**Brief**
Everything in the listing except the pictures should be written out exactly.

**Recorded data**
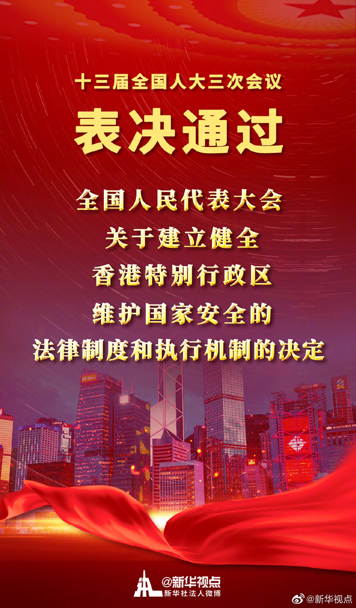 十三屆全國人大三次會議表決通過了全國人民代表大會關于建立健全香港特別行政區維護國家安全的法律制度和執行機制的決定-新華網
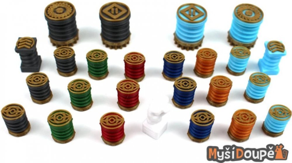 18x žeton špiona2x žeton vítězních bodů2x žeton radních2x žeton vlivu1x Feydův žeton (používá se s harkonennským vůdcem Feyd-Rauthou)
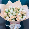 ДЕЛЮКС: тюльпаны белые - 35 шт., роза кустовая кремовая(розовая) - 20 шт., упаковка, лента

**Solution for this problem**
 十三屆全國人大三次會議表決通過了全國人民代表大會關于建立健全香港特別行政區維護國家安全的法律制度和執行機制的決定-新華網
 18x žeton špiona2x žeton vítězních bodů2x žeton radních2x žeton vlivu1x Feydův žeton (používá se s harkonennským vůdcem Feyd-Rauthou)
 ДЕЛЮКС: тюльпаны белые - 35 шт., роза кустовая кремовая(розовая) - 20 шт., упаковка, лента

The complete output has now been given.